Once individuals can insert a finger into the vagina comfortably after initial training, they may progress to using graduated plastic dilators to achieve deeper penetration in subsequent stages. Dilators are typically inserted into the vagina for 10 to 15 minutes to allow the muscles to acclimate to the pressure. Larger dilators or the assistance of a partner may be introduced in subsequent stages. With consistent practice, individuals can eventually progress to successful penetration with a partner.

 

Muscle control exercises

These exercises involve activities such as pelvic floor muscle contractions and relaxation exercises, including Kegel exercises, to improve muscle control. If individuals are unable to use vaginal dilators, a physiotherapist specializing in pelvic floor rehabilitation can provide guidance on performing these exercises effectively.

 

Use of topical treatments or oral medications

Topical treatments containing lidocaine or oral medications may help alleviate pain associated with vaginismus. The duration of treatment required for successful resolution of vaginismus varies from person to person. In rare cases, surgery may be necessary to address vaginismus. For further information, articles on vaginismus from reputable sources such as the Mayo Clinic and Wikipedia are valuable resources.

 

Treatment of Vaginismus with Herbal Medicines.

 

Experience has shown that certain natural vaginal lubricants are as effective as chemical counterparts in alleviating vaginismus symptoms. Among these herbal and natural ingredients are jojoba oil, olive oil, peanut oil, and aloe vera gel, which, like vitamin E, promote increased vaginal lubrication. Incorporating probiotics into the diet can help alleviate symptoms of vaginal atrophy, a contributing factor to vaginismus. During sexual intercourse, a water and glycerin solution can be used as a lubricant. Consuming estrogen-rich foods such as soybeans in the daily diet can also be highly effective. It's important to note that certain herbs may interact with prescribed creams or gels or elicit unwanted side effects. Therefore, consulting with a physician or traditional medicine practitioner is advisable in this regard. Notably, essential oils such as peanut oil should be properly diluted before use, as some individuals may experience sensitivity to them.
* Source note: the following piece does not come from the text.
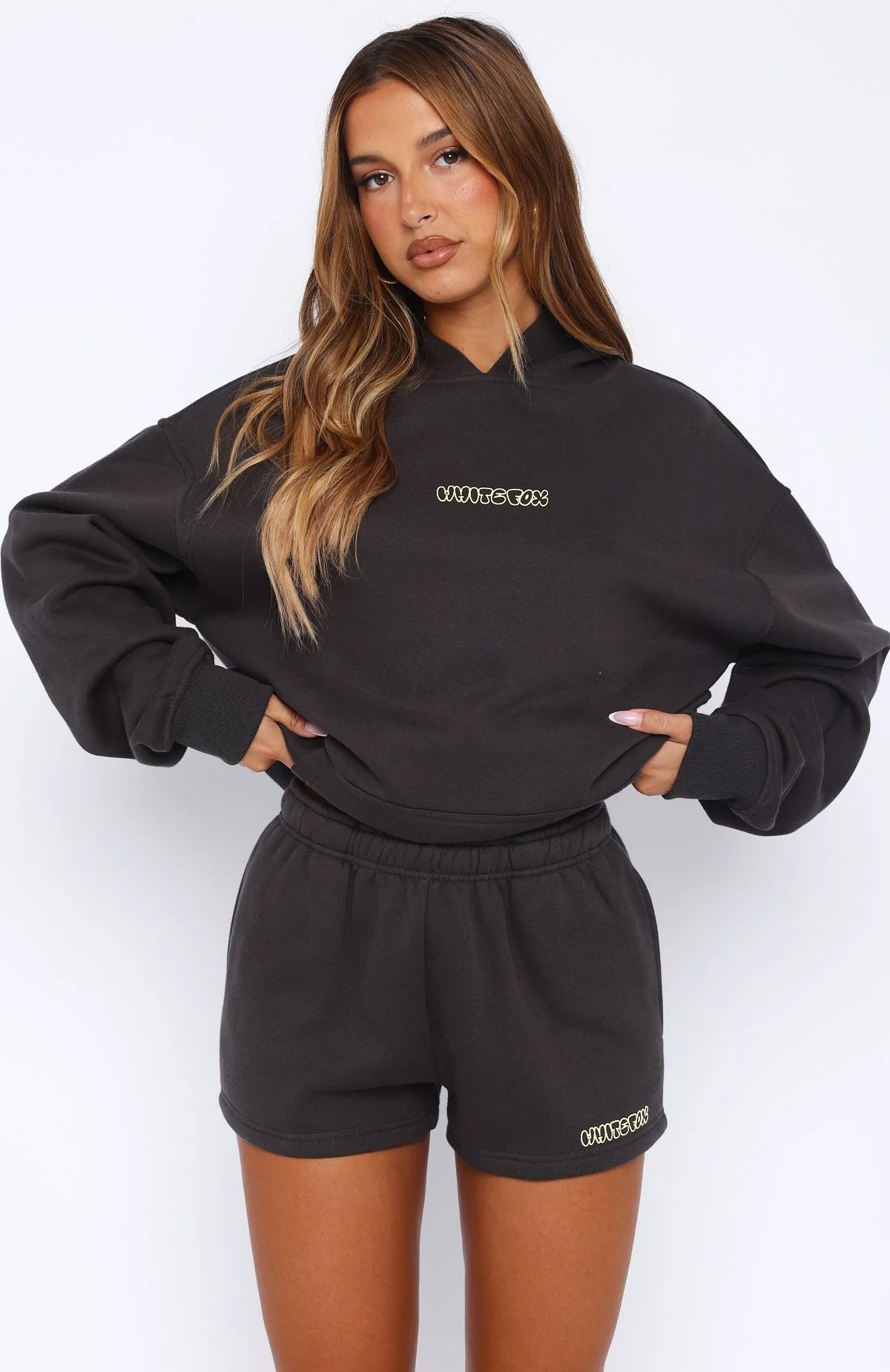 Cozy vibes, now made even cuter with the Take A Guess Lounge Shorts Charcoal! Featuring a loose relaxed fit with an elasticated high waistband with inner drawstring, side pockets, soft fleece fabric for extra comfort and logo front side. Team with your favourite lounge hoodie and snug boots!

Conduct a patch test on a small area of skin on the hands before applying to the sensitive vaginal area.

 

Traditional Medicine Approach to Treating Vaginismus.

 

According to traditional medicine, the primary cause of vaginismus is a woman's emotional state. Thus, efforts should focus on alleviating anxiety during sexual activity. Aromatherapy using scents such as jasmine, ginger, strawberry extract, and vetiver before and during intercourse can help restore a woman's lost energy and induce calm, thereby preventing involuntary vaginal contractions. Additionally, the use of herbal creams containing muscle-relaxing properties can effectively alleviate vaginal constriction.

 

When should I seek medical attention?

 

Sexual disorders can strain marital relationships; thus, timely treatment can greatly benefit a marriage or partnership. Remember, there's no need to feel ashamed, and discussing your feelings and concerns about sex with your partner can help ease anxiety. Your doctor or therapist can offer strategies to overcome vaginismus. Fortunately, many patients experience successful treatment and go on to enjoy a fulfilling sex life. If you experience symptoms such as painful intercourse accompanied by burning or stinging sensations, vaginal redness post-intercourse or after using a tampon, it's essential to schedule consultation sessions with a gynecologist or obstetrician.